High tide at Kings Lynn was at 0853 hrs. local time so by the time DSCF6976we entered the lock it had turned but we still had to wait for the river level to fall further before Paul commenced filling the lock. A little after 1030 hrs. he cracked the first slacker, thank goodness it wasn’t the one on the side we were sitting as dark brown water fountained up into the air. I had already removed the stove chimney and at Pauls suggestion I also removed the exhaust. The lock slowly filled and Harnser rose closer to the arch of the bridge. By the time the lock had filled the phone aerial was bent over and the pigeon box was about 2 inches from the under side of the arch, the water was just lapping the top gates. The bottom guillotine gate lifted and we could see out onto the river. We still couldn’t go anywhere as the lock at Denver was not ready but not only that we still wouldn’t fit under the bottom edge of the guillotine gate, when the water had dropped about another 4” at about 1050 hrs. we were just able to slide out. Even so early into the tide I was surprised how fast the river was running . It took a lot of engine power to turn into the flow and start making progress to Denver. I was advised to keep the power on to get there as soon as possible as Denver has a big problem with the lock mouth silting up and the more water there when we arrived the less problem it was likely to be. I held to the right of the river until I rounded the bend and then made my for the middle of the sluices reducing power as we moved out of the flow of the river, when I guessed we were past the bank I turned left to the lock sliding in by the right hand wall.

DSCF6985After locking down onto the none tidal Ouse we chugged round to the left to fill up with water. There is a water point and a free pumpout just by the slipway almost opposite the lock that drops down to The Great Ouse Relief Channel.

DSCF6994With the water tank once again full we headed south until we came to the River Wissey where we turned sharp left and stopped at the GOBA moorings for lunch. There was one small cruiser moored right in the middle of the moorings, he shot out and offered to move up a bit, saying he had not expected to see another boat on the river, I replied neither did we. As the moorings are probably in excess of 100 Mt. long there was tons of room for us without him moving.

DSCF7011The next point of interest is the Sugar Beet factory, East Anglia has several of these and from September to spring time they can bee DSCF7009seen belching out white steam, they are often adjacent to rivers both for the water they use and in times passed transporting the sugar beet by boat.

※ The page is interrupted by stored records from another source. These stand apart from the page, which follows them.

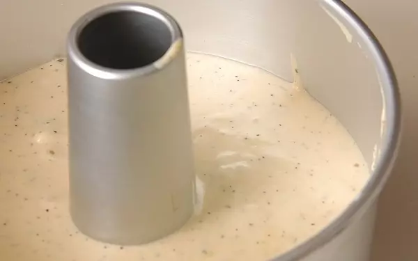 7、何も塗っていないシフォン型に6の生地を少し高い位置(型から20cm位上)から流し入れ、型を台にトントンと落として、生地の中の大きな空気を抜き、天板にのせ予熱したオーブンの下段に入れ40分焼く。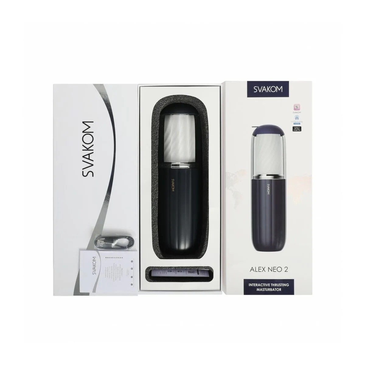 Svakom Alex Neo 2. Tipo de producto: Masturbador masculino, Apertura: Neutral, Color del producto: Negro, Transparente, Blanco. Ancho: 86 mm, Profundidad: 86 mm, Altura: 300 mm. Cantidad por paquete: 1 pieza(s)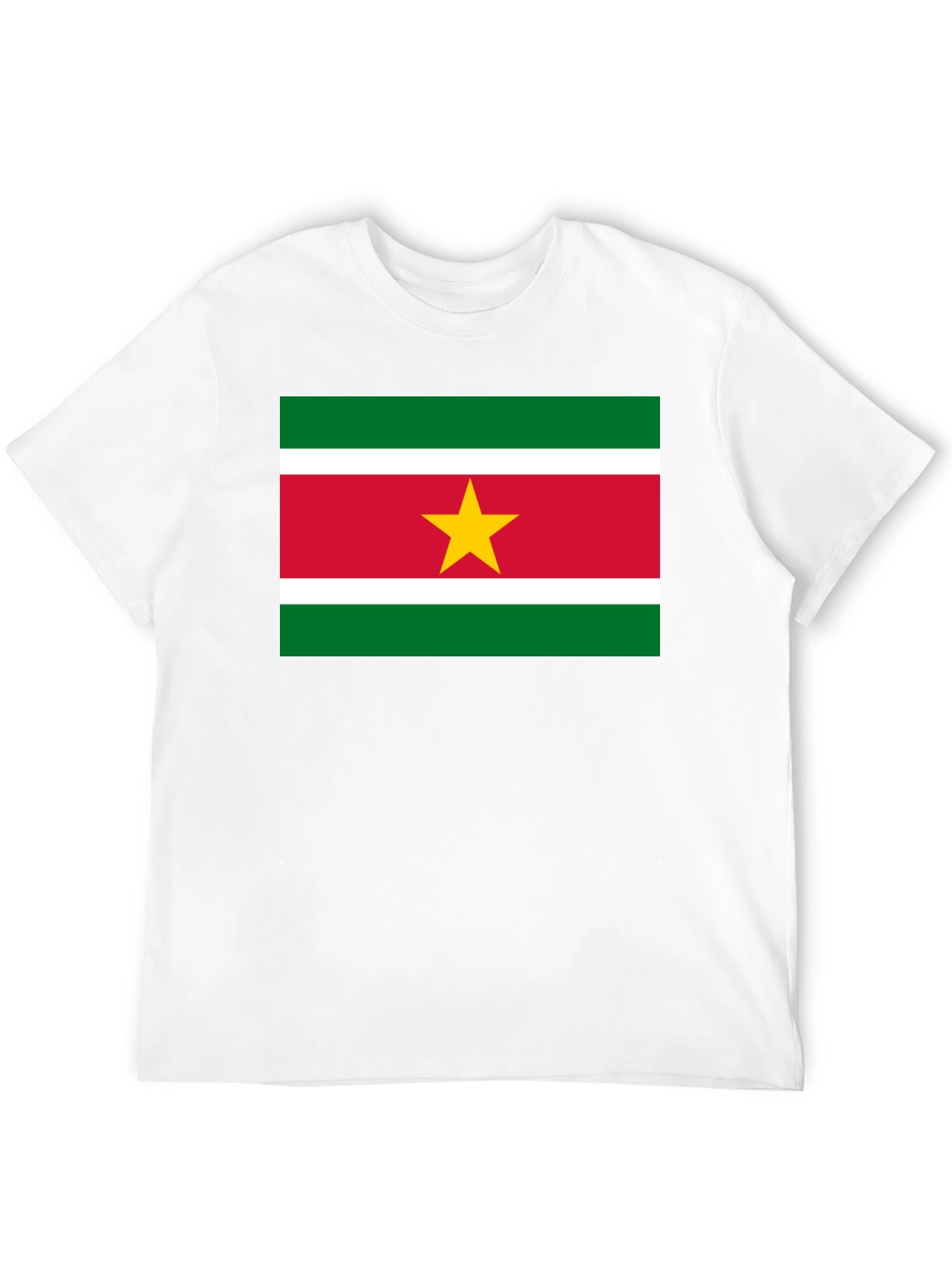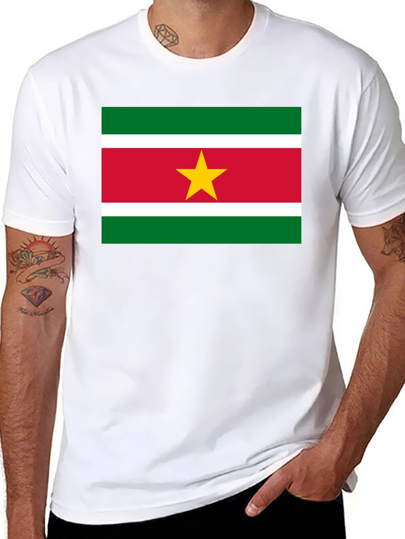 Show your Surinamese pride with this stylish black t-shirt featuring a vibrant Suriname flag design. The flag, prominently displayed on the chest, boasts the iconic green, red, and white stripes, along with a striking gold star. Made from comfortable and breathable cotton, this tee is perfect for everyday wear, sporting events, or cultural celebrations. Its classic fit makes it a versatile addition to any wardrobe. Wear your heritage with pride and make a statement with this unique Suriname flag t-shirt. A perfect gift for anyone with Surinamese roots or appreciation for the country's culture.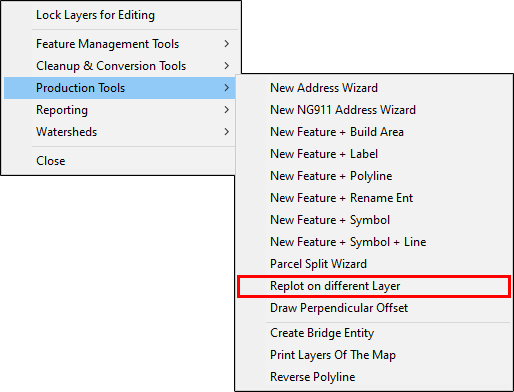 1) Lock the desired layers for editing, zoom to the location of the new structure, and then select this tool from the Production Tools menu.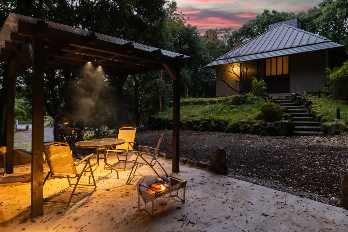 庭ではBBQや焚き火を楽しみながら、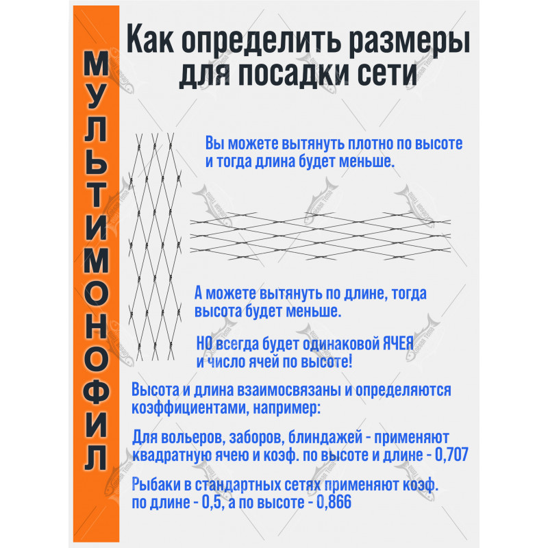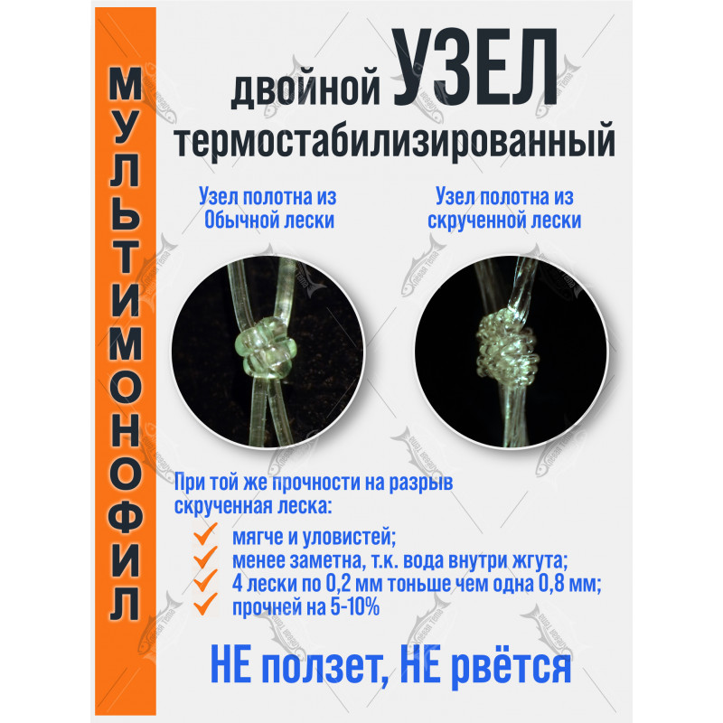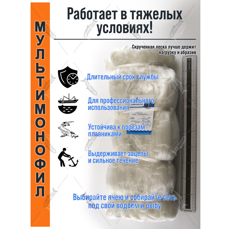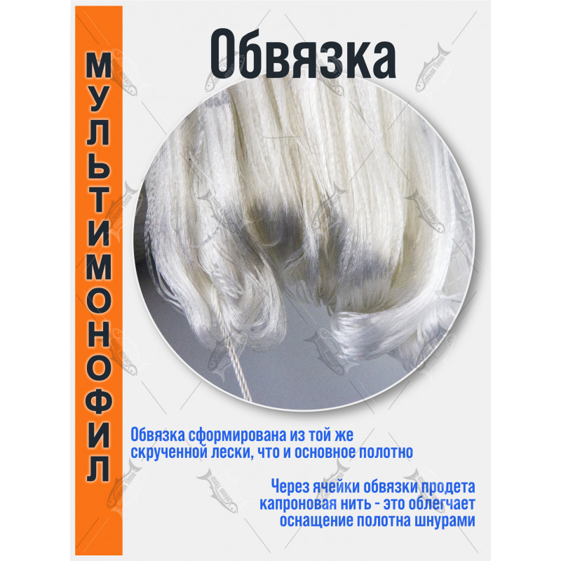 — это мультимонофиламентное белое полотно длиной 150 м и высотой 75 ячей для самостоятельной сборки рыболовных сетей. Белый цвет и тонкая леска делают полотно малозаметным в воде, что повышает уловистость на прозрачных и слабомутных водоёмах.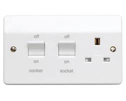 • 45A – 240V ~ double pole switch with 13A – 240V ~ switched socket outlet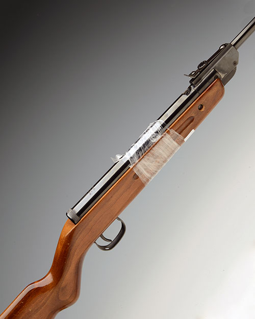 ** A .177 (B/B) BREAK-BARREL AIR-RIFLE SIGNED WALTHER, MODEL '54MG', serial no. 056185, made only in 1954, with blued 17 3/4in. sighted barrel, detachable 6-shot rotary magazine (glass viewing window broken), plain air-chamber, beech half-stock, much original finish

One thing that has changed since last time we were here is the old concrete bridge has had its deck removed.

We winded at what is classed the end of navigation where the river forks, I understand you can get a bet further TNC style. If the bank had been better I would have moored here, but we have to get the poor old dog off, I am sure it would be much quieter than our intended mooring on the GOBA moorings at the caravan park right by the road bridge.

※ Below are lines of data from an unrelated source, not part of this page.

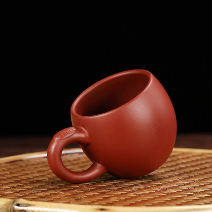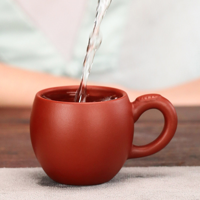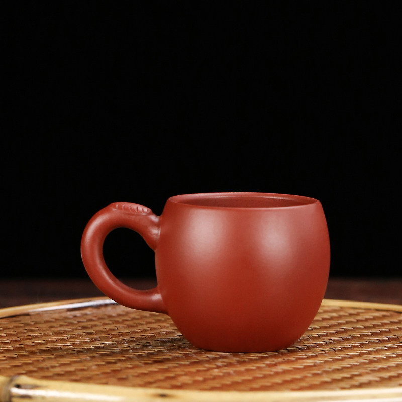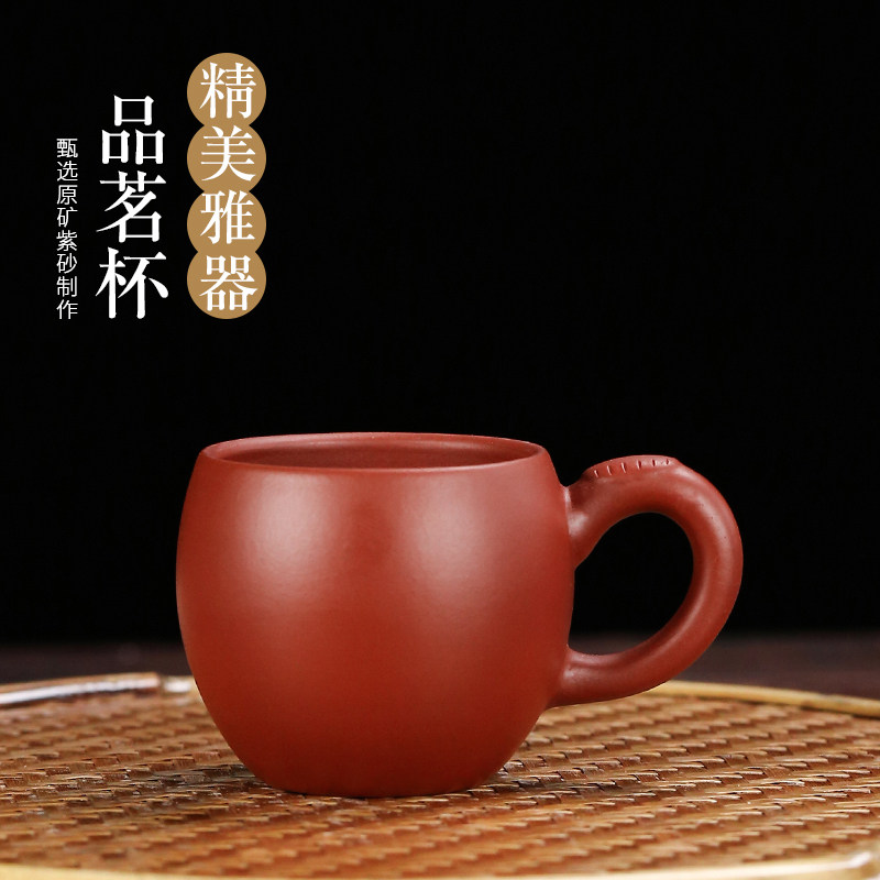 紫砂杯小杯子朱泥大红袍茶具主人杯茶碗宜兴单杯品茗杯带把小茶杯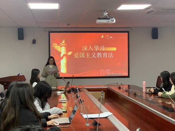 活动第一个环节由第四党小组代表杨淑贵同学进行分享汇报,分享内容主要分为四部分:爱国主义教育法的立法经过、爱国主义教育法的重点内容、爱国主义教育法的立法意义以及新时代爱国主义教育法的践行路径等。杨淑贵同学提到:爱国主义教育法的制定和施行,凸显了新时代爱国主义教育的重要性。我们要时刻保持初心,牢记使命,将爱国主义精神贯穿于学业和社会实践之中。我们应不断追求卓越,立足本职岗位,为培养更多具有家国情怀的优秀人才而努力奋斗。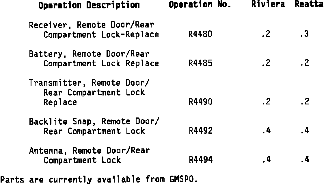 MODELS AFFECTED: 1989 - 1990 RIVIERA AND REATTA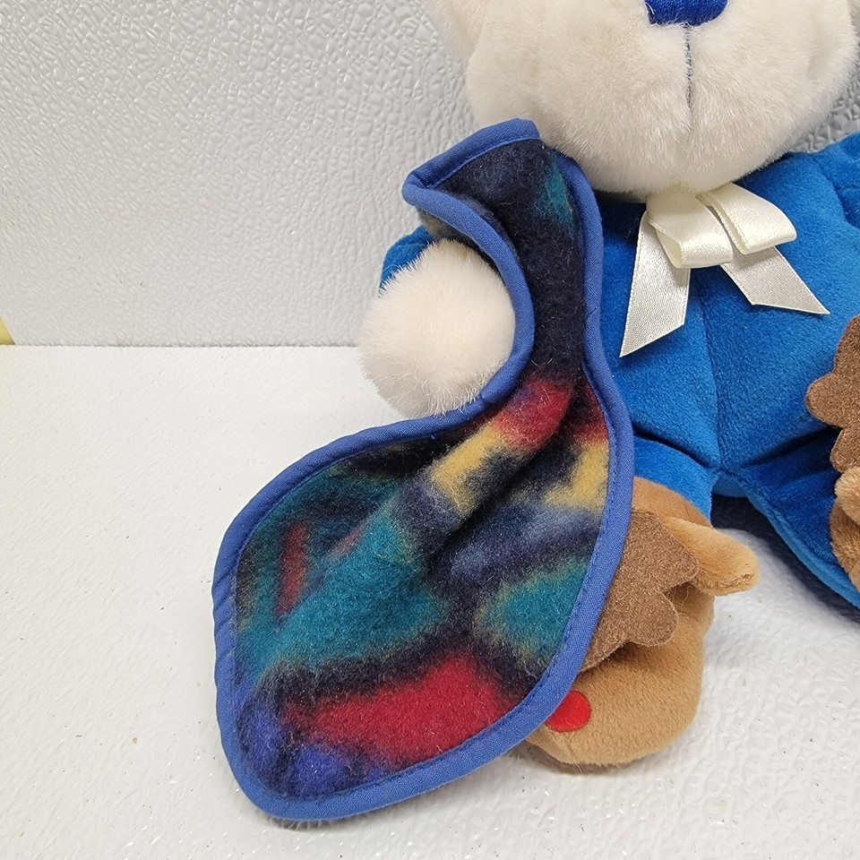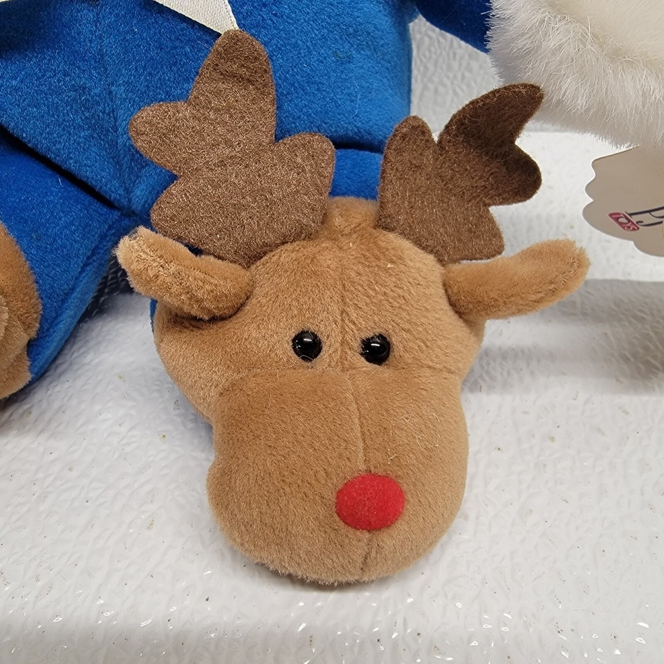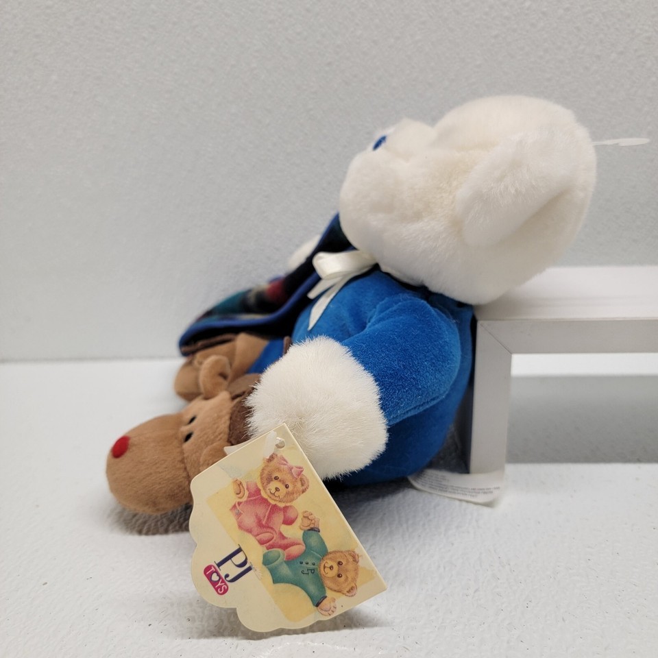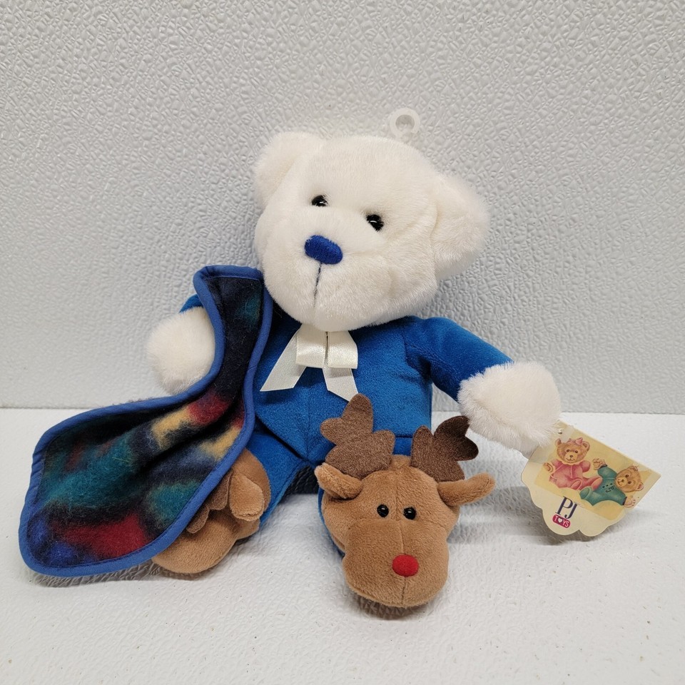 Vintage PJ Toys Bear Plush Blue Pajamas Reindeer Christmas Slippers Blanket. Images show actual plush that will ship.

The moorings are only about 70 ft. long so we have taken it all up, but I am not expecting any one to turn up in the dark. Once moored you have to report in at reception, as expected there was no one there, but a couple in a caravan, who I suspect live on site said they were then coming to see me as the site manager was away. I gave them my name, the boat name and my GOBA membership number and then settled down for what looks like being a noisy night on Harnser.